9

579 6 0
                                    


   У  Фредебейля  долго  не  подходили  к  телефону;   бесконечные   гудки
действовали мне на нервы; я представил себе, что жена Фредебейля спит,  но
вот звонок разбудил ее, затем она снова заснула и опять вскочила; мысленно
я испытал все те муки, какие претерпела она от этого назойливого звона.  Я
уже собрался повесить трубку,  но,  поскольку  мое  положение  можно  было
рассматривать как катастрофическое, решил звонить дальше. Если бы я поднял
среди ночи самого Фредебейля, меня бы это ни капельки  не  огорчило;  этот
тип не заслуживает спокойного сна. Он болезненно честолюбив  и,  наверное,
даже во сне не расстается с телефоном: вдруг приспичит  позвонить  или  же
вдруг ему самому позвонит какой-нибудь сановник из министерства,  редактор
газеты или крупная шишка из этих федеральных объединений католиков,  а  то
из самой ХДС. Но его жену я люблю. Она была еще гимназисткой, когда  он  в
первый раз привел ее в их католический кружок;  ее  поза  и  то,  как  она
смотрела  своими  красивыми  глазами   на   этих   людей,   болтавших   на
богословско-социологические темы, ранили меня в самое сердце. Видно  было,
что она куда охотней пошла  бы  на  танцы  или  в  кино.  Зоммервильд,  на
квартире которого состоялось это сборище, все время спрашивал меня:
   - Вам, должно быть, очень жарко, Шнир?

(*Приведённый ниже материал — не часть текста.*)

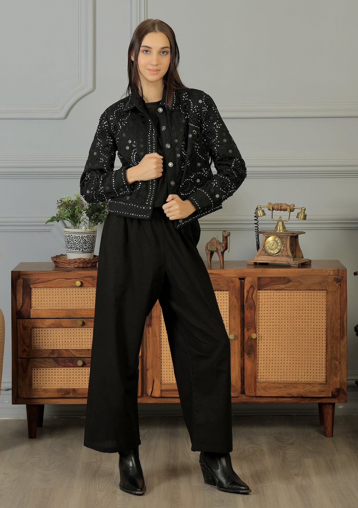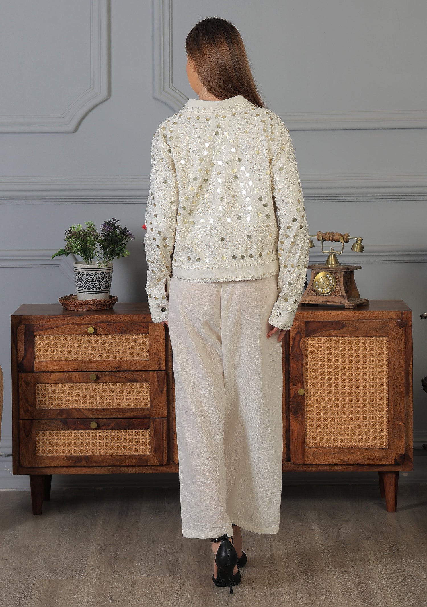 A jacket crafted from 100% poly Georgette with a liner made of 100% cotton, embellished with hand embroidery, epitomizes elegance and artisanal craftsmanship. Poly Georgette lends the jacket a lightweight and flowing quality, making it ideal for layering over different outfits while maintaining a graceful silhouette.
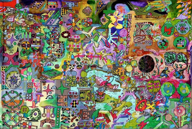 텍스트, 캐릭터, 패턴, 선과 색채가 서로 뒤엉켜 정제되지 않은 감정의 집합처럼 느껴집니다.
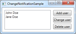 In the final example, which you will find below, we have simply replaced the List<User> with an ObservableCollection<User> - that's all it takes! This will make the Add and Delete button work, but it won't do anything for the "Change name" button, because the change will happen on the bound data object itself and not the source list - the second step will handle that scenario though.

   Я отвечал, что мне не жарко, хотя пот градом катился у меня  по  лбу  и
щекам. В  конце  концов,  не  выдержав  этого  переливания  из  пустого  в
порожнее, я вышел на зоммервильдский балкон. Девушка сама была  виновницей
их словоизвержения: вдруг  она,  совершенно  невпопад  -  разговор  шел  о
размерах и границах провинциализма - заявила, что у  Бенна  [Готфрид  Бенн
(1886-1956) известный  немецкий  писатель-декадент,  некоторое  время  был
близок к нацистам] есть  очень  "неплохие  рассказики".  Фредебейль,  чьей
невестой она числилась, покраснел как рак, оттого что  Кинкель  бросил  на
него свой пресловутый выразительный взгляд, который обозначал: "Неужто  ты
все еще не вправил ей мозги?"  После  чего  сам  начал  вправлять  невесте
Фредебейля мозги, используя в  качестве  хирургического  инструмента  весь
"абендлянд". Бедная девушка была стерта в порошок; я разозлился  на  этого
труса Фредебейля,  который  не  вмешивался  потому,  что  они  с  Кинкелем
"единомышленники" - принадлежат к одному  идеологическому  направлению.  Я
давно потерял надежду понять, что это за направление: левое или правое; но
как бы то ни было, у них есть свое направление, и Кинкель чувствовал  себя
морально  обязанным  обратить  невесту  Фредебейля   на   путь   истинный.
Зоммервильд также пальцем не пошевелил в ее защиту, хотя  он  представляет
совсем другое направление, опять-таки не знаю  какое.  Если  предположить,
что Кинкель и Фредебейль - левые, то Зоммервильд  -  правый,  а  может,  и
наоборот. Мария тоже слегка побледнела, но ей импонируют  интеллектуалы  -
от этого я так и не смог ее отучить; интеллект Кинкеля  импонировал  также
будущей госпоже Фредебейль: словесную обработку, которой ее подвергли, она
сопровождала вздохами, на мой  взгляд  почти  неприличными.  Поистине,  на
бедняжку обрушился целый интеллектуальный смерч, в ход было пущено  все  -
от отцов церкви до Брехта, и,  когда  я,  отдышавшись  немного,  пришел  с
балкона, они впали в состояние полной прострации и пили  крюшон...  и  все
это только потому, что бедная простушка  похвалила  "неплохие  рассказики"
Бенна.
   Сейчас у нее уже двое детей от Фредебейля, хотя  ей  еще  нет  двадцати
двух; телефонные звонки все еще раздавались в их квартире, и я  представил
себе, что в эту минуту  она  возится  с  молочными  бутылочками,  детскими
присыпками, пеленками и вазелином, донельзя беспомощная и сконфуженная,  и
еще я подумал о ворохе грязного детского белья и о  груде  жирной  немытой
посуды на кухне. Однажды, когда они доконали меня  своими  разговорами,  я
вызвался помочь ей по хозяйству - подсушивать хлеб,  делать  бутерброды  и
варить  кофе;  исполнять  такую  работу  мне  куда  менее  противно,   чем
участвовать в беседах определенного свойства.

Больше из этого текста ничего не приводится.